Ricki is a complicated woman of many delusions, few boundaries, and excess hubris. Still, Streep, no stranger to playing difficult moms, expertly keeps her from veering into caricature territory by always committing to and giving us small glimpses of her humanity. I would go as far as to say that this is one of my favourite modern-day Streep performances. Quite frankly, the whole cast is irresistible – Gummer more than holds her own against real-life mom Streep, while Kline and Springfield are both restrained and charming. McDonald, unfortunately, isn’t given much to do, but she makes her few scenes memorable ones.

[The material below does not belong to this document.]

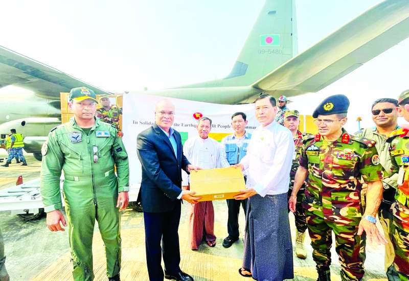 ဘင်္ဂလားဒေ့ရှ်နိုင်ငံမှအဖွဲ့ဝင် ၅၅ ဦးပါဝင်သည့် ကယ်ဆယ်ရေးနှင့်ဆေးဘက်ဆိုင်ရာအဖွဲ့သည် ယနေ့ မွန်းလွဲ ၂ နာရီတွင် နေပြည်တော်သို့ရောက်ရှိပြီး ငလျင်ဒဏ်သင့်ပြည်သူများအား လူသားချင်းစာနာထောက်ထားမှုအကူအညီများ ပေးအပ်ခဲ့ကြောင်း သိရသည်။

This is all to Demme’s credit, too. Known for loving actors, he continuously got the best out of them. Juxtaposed with the frenetic music scenes are small moments, the ones that Demme was always so adept at capturing: a glance loaded with chemistry from Greg to Ricki, or one loaded with baggage from Julie to everyone; Pete ordering food for the table, unbothered by the rest of his family arguing; Ricki alone when she’s no longer a persona, crying in the bathroom about her shortcomings after words with Maureen or in her apartment making dinner; Julie quietly enjoying the familiar comfort of having both her parents in the same room for the first time in years.
Putting so much of what he loved about storytelling into his last narrative film, Demme undoubtedly went out on his own terms, much like he did everything else. A movie about redemption itself, I think it is high time that we redeem Ricki and the Flash as an essential work in Jonathan’s Demme’s remarkable oeuvre.